10 ANCOVA efficacy analysis

Objective

Create ANCOVA efficacy analysis tables to evaluate treatment effects while controlling for baseline covariates. Learn to perform ANCOVA modeling with missing data imputation using Python statistical libraries and present results in regulatory format with rtflite.

10.1 Overview

Analysis of Covariance (ANCOVA) is the primary statistical method for efficacy evaluation in clinical trials. Following ICH E9 guidance on statistical principles for clinical trials, ANCOVA provides a robust framework for comparing treatment effects while controlling for baseline covariates.

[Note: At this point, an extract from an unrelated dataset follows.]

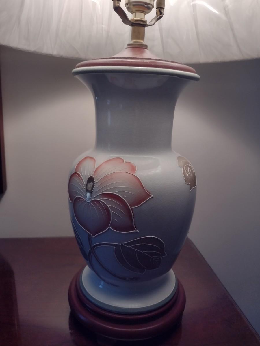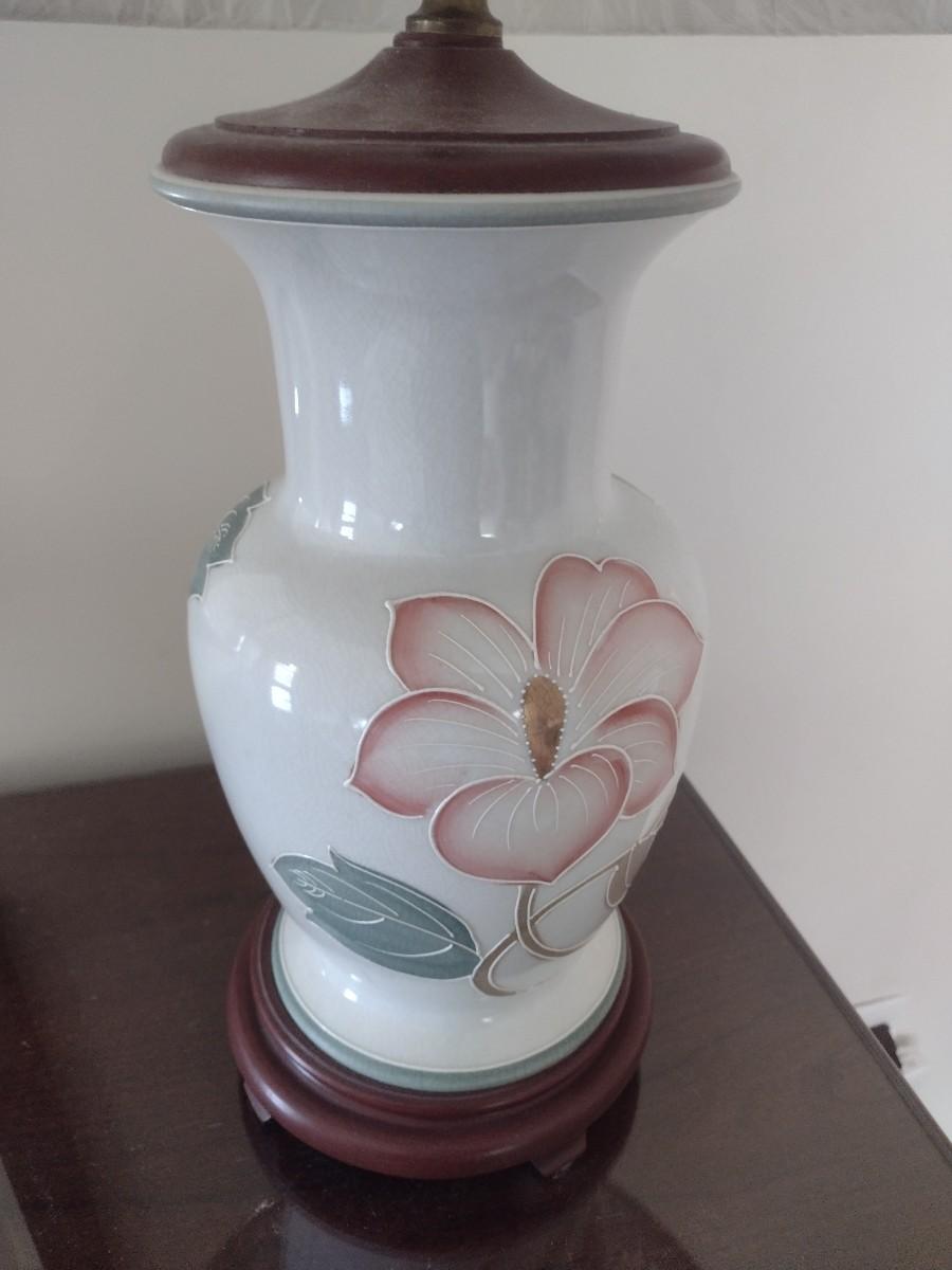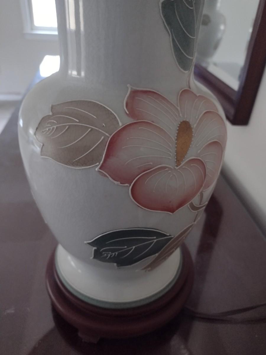 Pair of Ceramic Jar Shaped Table Lamps with Applied Floral Design

Key features of ANCOVA efficacy analysis include:

Covariate adjustment: Controls for baseline values to reduce variability
Least squares means: Provides treatment effect estimates adjusted for covariates
Missing data handling: Implements appropriate imputation strategies (e.g., LOCF, MMRM)
Pairwise comparisons: Tests specific treatment contrasts with confidence intervals
Regulatory compliance: Follows statistical analysis plan specifications

This tutorial demonstrates how to create a comprehensive ANCOVA efficacy table for glucose change from baseline using Python’s statistical libraries and rtflite for regulatory-compliant formatting.

10.2 Setup

import polars as pl
import rtflite as rtf
import pandas as pd
import numpy as np
import statsmodels.formula.api as smf
from scipy import stats as scipy_stats

polars.config.Config

adsl = pl.read_parquet("data/adsl.parquet")
adlbc = pl.read_parquet("data/adlbc.parquet")
treatments = ["Placebo", "Xanomeline Low Dose", "Xanomeline High Dose"]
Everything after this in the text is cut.